I know, I know – we’re all tired of hearing about it, but it needs to be talked about… so listen up!

We’re going to talk about sex – and not just any sex, mind you. We’re going to talk about SAFE sex. Human beings have sex, and it’s a fact of life. Sexually transmitted infections (or STIs) are a very real possibility when safe sex practices are not adhered to. When you practice safe sex, it makes life (and health) so much less worrisome.  

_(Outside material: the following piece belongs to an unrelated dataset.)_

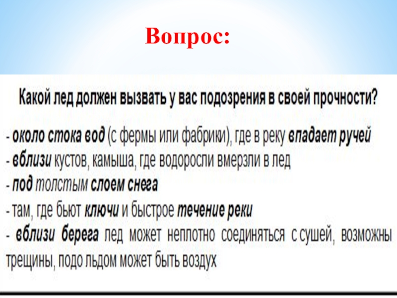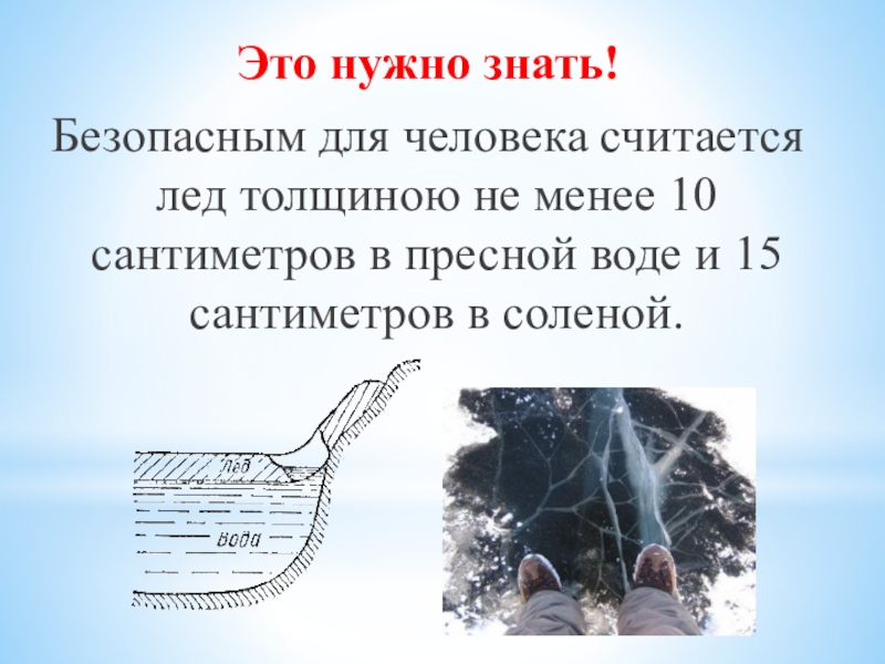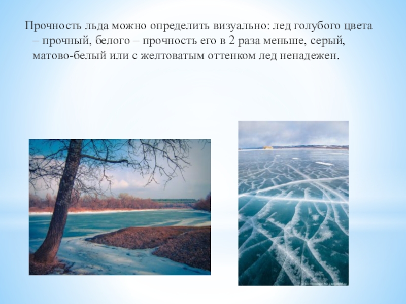 Слайд 10Прочность льда можно определить визуально: лед голубого цвета – прочный, белого

Sex is sex, regardless of sexual orientation or romantic preference. So I’m going to break down this shindig into what I consider to be the five main “bases” of safe sex.

1. Condoms & Dental Dams

If there’s a penis involved, there should be a condom. If there’s a vagina involved in oral sex, there should be a dental dam. Some people say they’re uncomfortable and others say that they reduce sensitivity, but there’s simply no excuse for risking one’s health. If a potential partner is flat-out unwilling to use a condom or dental dam, ask yourself if you’re really willing to take that risk.

Condoms and dental dams should be used during both oral and penetrative sex. Contrary to popular belief, oral sex does carry a risk of STI transmission. The chances are less than those of penetrative sex, but the chances are still there nonetheless.

2. Lubricant

Lube, lube, lube! You may not really think of lube as being part of safe sex, but it definitely is. You can think your partner is the wettest person you’ve ever encountered, but as soon as they dry up, friction comes into play. Too much friction can cause discomfort for both partners, and it even increases the chances of ending up with a broken condom! So basically, always have lube on hand just in case the need arises.

Be sure to choose a lube that works for both you and your partner. Also, make sure you’re choosing the right lube for the type of condom or dental dam you’re using (for example, you should NEVER use an oil-based lube on a latex condom!). When picking out a lube, check to see if it’s “condom-compatible” or if it warns against use with a specific type of condom. Ultimately, find one that’ll suit you best.

3. Sex Toy Cleaner

If you’re using sex toys, even while flying solo, you should get into the habit of cleaning them thoroughly after each use. When sharing toys between partners, this is especially important because STIs can easily be transmitted on sex toys.

You don’t even have to buy a specific “sex toy cleaner” per se. A little bit of mild antibacterial soap and water is really all you need. But be careful not to get the water on any charging ports or battery hubs!

4. Birth Control

If there are functional sperm and functional eggs in close sexual contact, a functional fetus can be produced. Therefore, if birth control is an option, use it. Whether it’s pills, the patch, an IUD, what have you – find a method that works for you. If anything, it’ll give you some extra peace of mind the next time you indulge your desires.

Not every birth control method works for everyone, so it may take a little while to really settle into one. In the meantime, it’s always a good idea to have a backup birth control method (such as spermicidal foam, which you can find at just about any pharmacy).

5. Have fun!

Last, but certainly not least, part of safe sex is having a good time with it! Let loose, enjoy yourself, and have fun with your partner!